Effective disaster management requires timely access to accurate and contextually relevant information. Existing Information Retrieval (IR) benchmarks, however, focus primarily on general or specialized domains, such as medicine or finance, neglecting the unique linguistic complexity and diverse information needs encountered in disaster management scenarios. To bridge this gap, we introduce \textbf{DisastIR}, the first comprehensive IR evaluation benchmark specifically tailored for disaster management. DisastIR comprises 9,600 diverse user queries and more than 1.3 million labeled query-passage pairs, covering 48 distinct retrieval tasks derived from six search intents and eight general disaster categories that include 301 specific event types.

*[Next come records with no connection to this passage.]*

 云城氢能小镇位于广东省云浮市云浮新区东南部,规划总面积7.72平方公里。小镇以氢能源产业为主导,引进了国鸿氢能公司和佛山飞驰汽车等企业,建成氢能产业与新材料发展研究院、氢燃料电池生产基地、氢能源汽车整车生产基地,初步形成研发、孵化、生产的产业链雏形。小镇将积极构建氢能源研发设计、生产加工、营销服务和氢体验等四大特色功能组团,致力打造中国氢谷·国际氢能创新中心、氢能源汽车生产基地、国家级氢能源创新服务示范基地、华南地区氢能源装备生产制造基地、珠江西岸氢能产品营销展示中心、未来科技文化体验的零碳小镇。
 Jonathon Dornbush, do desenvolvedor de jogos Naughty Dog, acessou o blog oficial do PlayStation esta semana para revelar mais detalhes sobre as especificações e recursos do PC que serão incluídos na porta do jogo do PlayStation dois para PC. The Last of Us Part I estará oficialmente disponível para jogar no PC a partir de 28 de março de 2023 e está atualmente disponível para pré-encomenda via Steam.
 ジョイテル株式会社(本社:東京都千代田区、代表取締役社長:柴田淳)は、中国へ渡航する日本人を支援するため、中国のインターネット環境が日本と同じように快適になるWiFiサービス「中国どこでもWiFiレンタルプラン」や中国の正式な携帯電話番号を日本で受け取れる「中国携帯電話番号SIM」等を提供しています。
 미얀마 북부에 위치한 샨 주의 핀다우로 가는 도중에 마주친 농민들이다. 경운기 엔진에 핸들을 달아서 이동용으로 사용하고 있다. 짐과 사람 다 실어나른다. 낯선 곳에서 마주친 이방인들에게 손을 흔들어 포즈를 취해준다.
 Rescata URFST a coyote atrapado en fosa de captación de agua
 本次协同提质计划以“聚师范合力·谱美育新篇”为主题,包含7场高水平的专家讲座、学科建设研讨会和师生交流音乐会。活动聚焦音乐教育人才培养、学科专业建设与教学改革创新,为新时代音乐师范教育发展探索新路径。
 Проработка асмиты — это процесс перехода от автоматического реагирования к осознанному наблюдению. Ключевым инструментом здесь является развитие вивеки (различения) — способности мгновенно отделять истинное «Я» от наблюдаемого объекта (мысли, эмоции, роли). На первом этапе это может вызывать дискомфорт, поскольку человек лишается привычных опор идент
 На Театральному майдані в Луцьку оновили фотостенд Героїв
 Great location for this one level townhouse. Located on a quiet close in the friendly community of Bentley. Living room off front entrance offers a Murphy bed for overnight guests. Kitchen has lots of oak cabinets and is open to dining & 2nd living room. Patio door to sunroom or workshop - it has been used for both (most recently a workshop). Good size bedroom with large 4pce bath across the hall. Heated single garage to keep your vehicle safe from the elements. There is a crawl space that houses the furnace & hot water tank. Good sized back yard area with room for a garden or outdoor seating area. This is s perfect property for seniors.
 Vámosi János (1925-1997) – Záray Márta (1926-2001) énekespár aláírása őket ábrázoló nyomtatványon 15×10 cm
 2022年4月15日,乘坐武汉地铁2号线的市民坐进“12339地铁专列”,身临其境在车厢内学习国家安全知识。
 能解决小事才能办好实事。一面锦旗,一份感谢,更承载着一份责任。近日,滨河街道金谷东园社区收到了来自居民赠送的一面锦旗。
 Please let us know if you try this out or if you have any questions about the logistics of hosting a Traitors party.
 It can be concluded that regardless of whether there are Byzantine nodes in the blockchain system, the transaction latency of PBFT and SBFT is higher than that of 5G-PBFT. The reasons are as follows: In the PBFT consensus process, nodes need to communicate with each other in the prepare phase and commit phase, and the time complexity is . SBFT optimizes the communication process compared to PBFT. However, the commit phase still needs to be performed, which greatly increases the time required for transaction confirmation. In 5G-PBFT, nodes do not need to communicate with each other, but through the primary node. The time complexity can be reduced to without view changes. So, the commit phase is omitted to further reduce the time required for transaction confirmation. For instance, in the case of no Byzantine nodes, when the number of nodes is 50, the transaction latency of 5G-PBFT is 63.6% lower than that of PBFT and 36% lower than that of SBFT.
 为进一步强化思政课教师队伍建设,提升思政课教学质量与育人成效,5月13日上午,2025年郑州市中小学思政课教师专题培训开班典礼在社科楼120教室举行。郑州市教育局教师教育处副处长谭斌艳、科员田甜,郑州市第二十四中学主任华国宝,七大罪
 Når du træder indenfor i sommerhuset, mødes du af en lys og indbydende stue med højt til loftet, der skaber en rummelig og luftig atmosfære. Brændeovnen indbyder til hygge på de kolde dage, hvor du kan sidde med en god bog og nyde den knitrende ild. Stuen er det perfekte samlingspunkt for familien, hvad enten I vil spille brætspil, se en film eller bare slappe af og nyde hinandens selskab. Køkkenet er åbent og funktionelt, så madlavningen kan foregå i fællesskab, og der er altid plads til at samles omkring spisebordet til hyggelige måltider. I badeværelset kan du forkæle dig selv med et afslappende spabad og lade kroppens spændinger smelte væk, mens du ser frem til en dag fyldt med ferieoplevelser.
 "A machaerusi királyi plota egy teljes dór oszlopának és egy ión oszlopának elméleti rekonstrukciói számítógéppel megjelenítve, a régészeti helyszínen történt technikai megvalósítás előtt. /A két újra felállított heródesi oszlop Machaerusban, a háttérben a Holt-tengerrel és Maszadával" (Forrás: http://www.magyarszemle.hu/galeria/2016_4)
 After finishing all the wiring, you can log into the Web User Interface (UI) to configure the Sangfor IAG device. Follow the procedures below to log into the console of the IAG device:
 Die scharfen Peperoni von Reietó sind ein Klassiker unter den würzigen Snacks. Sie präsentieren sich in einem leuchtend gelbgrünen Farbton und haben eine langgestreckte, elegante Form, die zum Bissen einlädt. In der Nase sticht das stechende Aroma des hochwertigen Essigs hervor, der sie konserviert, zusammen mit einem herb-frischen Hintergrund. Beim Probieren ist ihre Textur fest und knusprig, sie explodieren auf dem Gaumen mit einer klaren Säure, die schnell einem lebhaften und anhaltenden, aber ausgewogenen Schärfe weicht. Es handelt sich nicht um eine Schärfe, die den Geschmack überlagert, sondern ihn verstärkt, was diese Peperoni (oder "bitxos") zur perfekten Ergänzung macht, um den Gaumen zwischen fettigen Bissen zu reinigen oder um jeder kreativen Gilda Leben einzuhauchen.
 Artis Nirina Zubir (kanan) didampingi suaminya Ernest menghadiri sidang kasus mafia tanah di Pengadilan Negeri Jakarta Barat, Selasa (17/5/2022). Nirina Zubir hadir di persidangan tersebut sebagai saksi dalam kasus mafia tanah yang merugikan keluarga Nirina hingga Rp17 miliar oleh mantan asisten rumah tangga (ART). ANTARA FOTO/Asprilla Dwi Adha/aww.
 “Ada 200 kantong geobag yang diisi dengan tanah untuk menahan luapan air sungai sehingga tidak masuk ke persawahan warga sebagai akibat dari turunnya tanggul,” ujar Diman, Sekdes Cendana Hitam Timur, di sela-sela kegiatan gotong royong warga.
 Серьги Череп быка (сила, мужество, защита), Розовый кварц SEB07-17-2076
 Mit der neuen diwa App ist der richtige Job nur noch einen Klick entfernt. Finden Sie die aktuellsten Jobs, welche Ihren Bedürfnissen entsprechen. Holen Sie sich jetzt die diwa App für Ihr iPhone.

Our evaluations of 30 state-of-the-art retrieval models demonstrate significant performance variances across tasks, with no single model excelling universally. Furthermore, comparative analyses reveal significant performance gaps between general-domain and disaster management-specific tasks, highlighting the necessity of disaster management-specific benchmarks for guiding IR model selection to support effective decision-making in disaster management scenarios.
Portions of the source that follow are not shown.